* **What is required**
Starting at the first line of the entries below, please return exactly each line up to and including the one with "收寄高峰期,巴陽郵政所全員出動,把裝好箱的枇杷郵件搬上郵車。□譚鵬程 攝"; pictures stay out.

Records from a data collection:
BEGIN

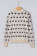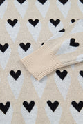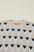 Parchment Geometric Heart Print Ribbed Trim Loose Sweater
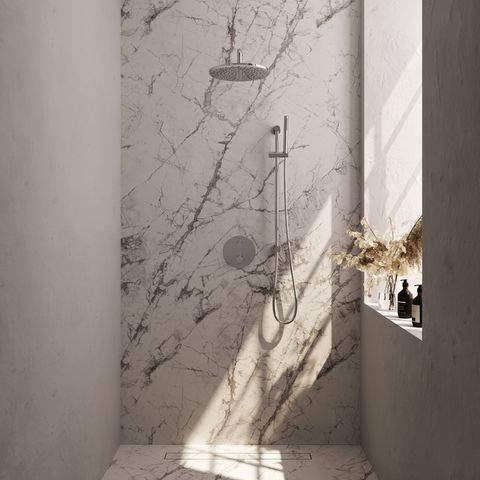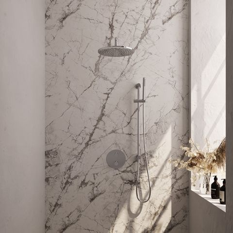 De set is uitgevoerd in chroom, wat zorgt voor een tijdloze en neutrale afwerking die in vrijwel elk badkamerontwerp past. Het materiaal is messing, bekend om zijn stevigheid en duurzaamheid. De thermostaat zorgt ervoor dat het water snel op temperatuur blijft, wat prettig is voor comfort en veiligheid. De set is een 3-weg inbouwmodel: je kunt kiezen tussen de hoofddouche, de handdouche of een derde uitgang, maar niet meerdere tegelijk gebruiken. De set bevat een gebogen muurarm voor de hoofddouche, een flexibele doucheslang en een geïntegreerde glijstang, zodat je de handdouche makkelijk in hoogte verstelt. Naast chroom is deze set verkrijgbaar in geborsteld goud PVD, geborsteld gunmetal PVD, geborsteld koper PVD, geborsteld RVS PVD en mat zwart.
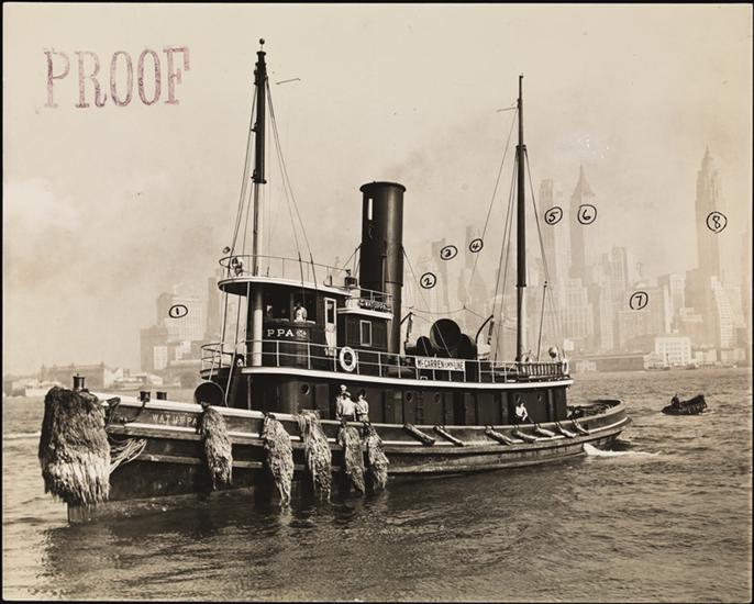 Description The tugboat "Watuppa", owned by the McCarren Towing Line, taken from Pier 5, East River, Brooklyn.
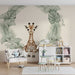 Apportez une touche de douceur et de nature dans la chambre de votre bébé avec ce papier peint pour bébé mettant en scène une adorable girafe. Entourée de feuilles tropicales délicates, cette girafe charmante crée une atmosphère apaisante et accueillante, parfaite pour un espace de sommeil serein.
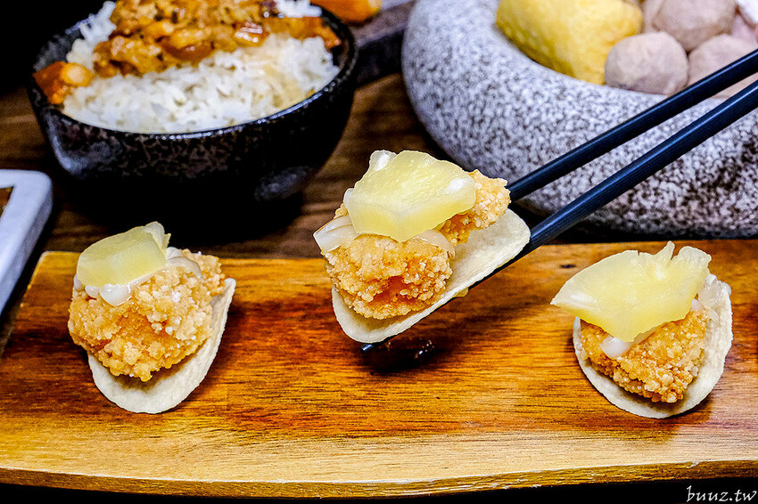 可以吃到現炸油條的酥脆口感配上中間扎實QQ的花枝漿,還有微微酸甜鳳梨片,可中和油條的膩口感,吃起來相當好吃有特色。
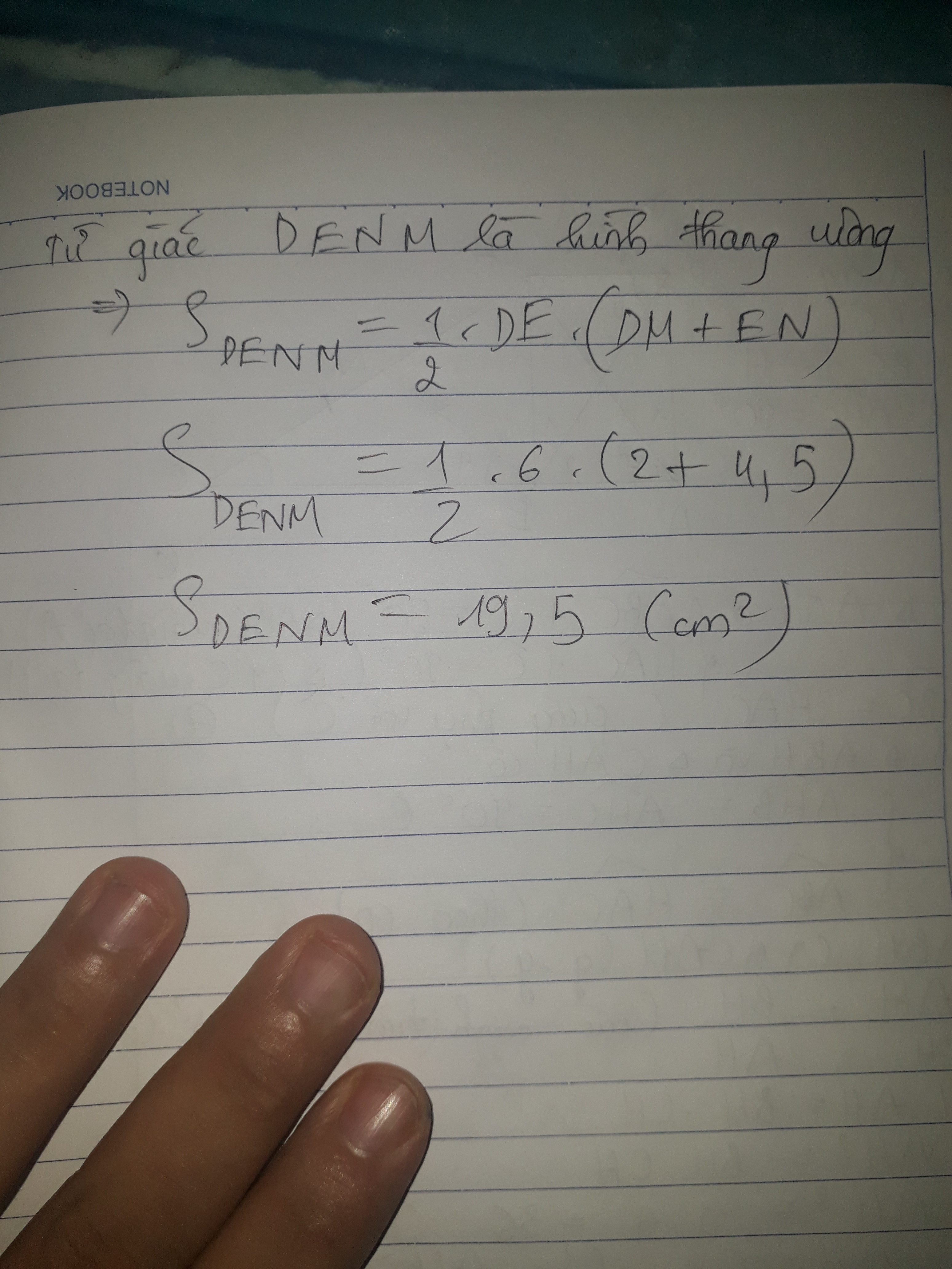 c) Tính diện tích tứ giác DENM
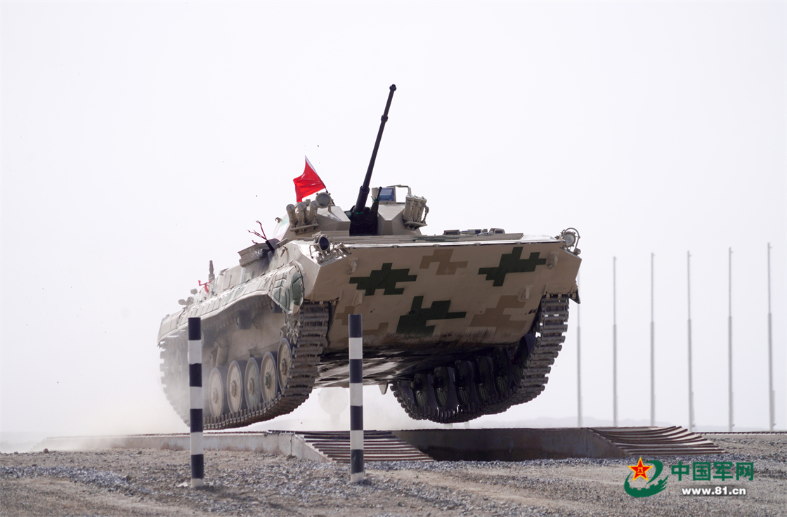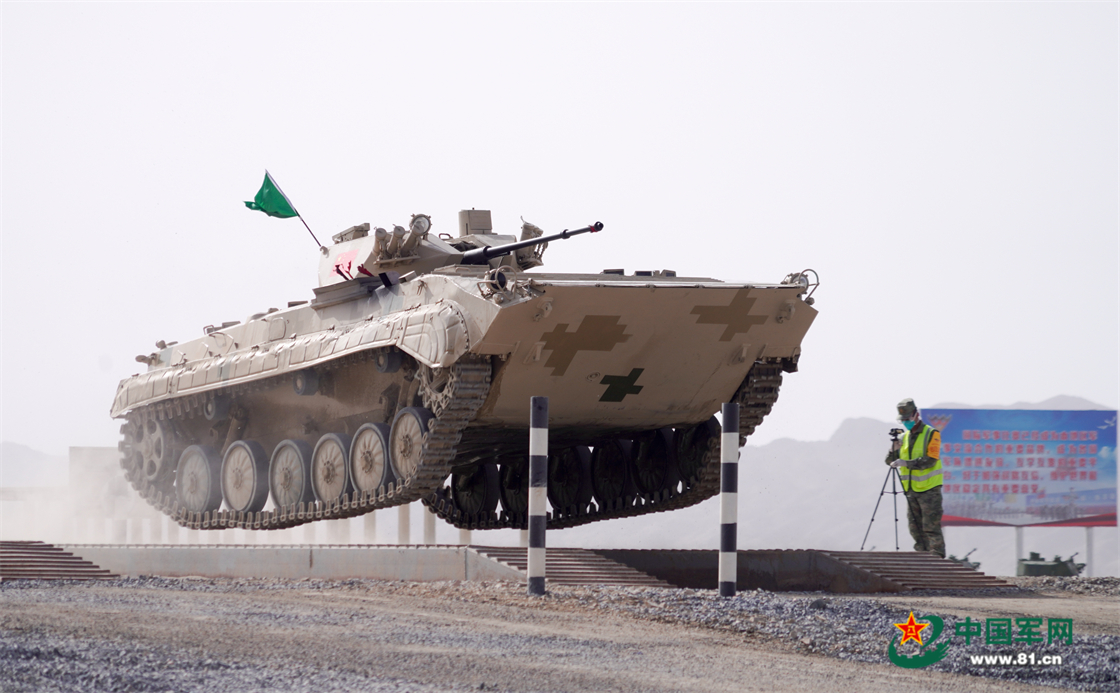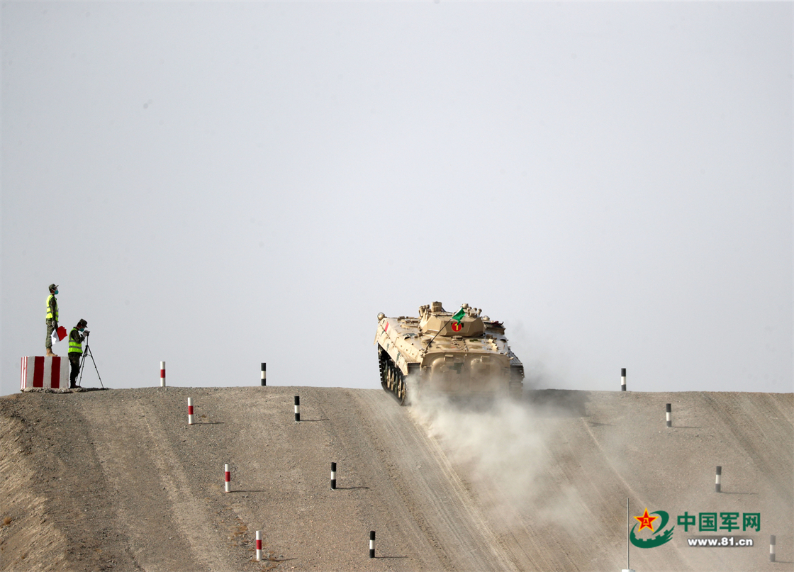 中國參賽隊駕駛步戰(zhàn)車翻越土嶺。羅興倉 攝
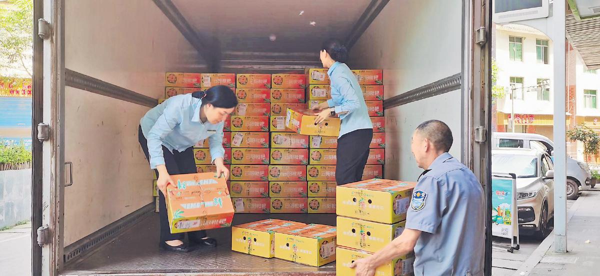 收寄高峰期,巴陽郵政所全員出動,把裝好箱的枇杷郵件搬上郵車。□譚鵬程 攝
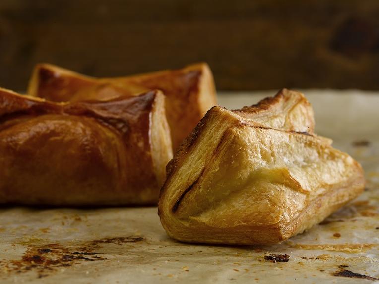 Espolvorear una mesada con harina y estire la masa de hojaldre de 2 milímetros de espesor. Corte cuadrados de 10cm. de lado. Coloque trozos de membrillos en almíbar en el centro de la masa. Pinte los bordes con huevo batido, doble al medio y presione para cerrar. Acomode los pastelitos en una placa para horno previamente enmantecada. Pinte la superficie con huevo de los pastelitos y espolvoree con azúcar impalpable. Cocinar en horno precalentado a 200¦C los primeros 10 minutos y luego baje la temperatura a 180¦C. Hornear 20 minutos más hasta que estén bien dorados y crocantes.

END

* **Task solution**
 Parchment Geometric Heart Print Ribbed Trim Loose Sweater
 De set is uitgevoerd in chroom, wat zorgt voor een tijdloze en neutrale afwerking die in vrijwel elk badkamerontwerp past. Het materiaal is messing, bekend om zijn stevigheid en duurzaamheid. De thermostaat zorgt ervoor dat het water snel op temperatuur blijft, wat prettig is voor comfort en veiligheid. De set is een 3-weg inbouwmodel: je kunt kiezen tussen de hoofddouche, de handdouche of een derde uitgang, maar niet meerdere tegelijk gebruiken. De set bevat een gebogen muurarm voor de hoofddouche, een flexibele doucheslang en een geïntegreerde glijstang, zodat je de handdouche makkelijk in hoogte verstelt. Naast chroom is deze set verkrijgbaar in geborsteld goud PVD, geborsteld gunmetal PVD, geborsteld koper PVD, geborsteld RVS PVD en mat zwart.
 Description The tugboat "Watuppa", owned by the McCarren Towing Line, taken from Pier 5, East River, Brooklyn.
 Apportez une touche de douceur et de nature dans la chambre de votre bébé avec ce papier peint pour bébé mettant en scène une adorable girafe. Entourée de feuilles tropicales délicates, cette girafe charmante crée une atmosphère apaisante et accueillante, parfaite pour un espace de sommeil serein.
 可以吃到現炸油條的酥脆口感配上中間扎實QQ的花枝漿,還有微微酸甜鳳梨片,可中和油條的膩口感,吃起來相當好吃有特色。
 c) Tính diện tích tứ giác DENM
 中國參賽隊駕駛步戰(zhàn)車翻越土嶺。羅興倉 攝
 收寄高峰期,巴陽郵政所全員出動,把裝好箱的枇杷郵件搬上郵車。□譚鵬程 攝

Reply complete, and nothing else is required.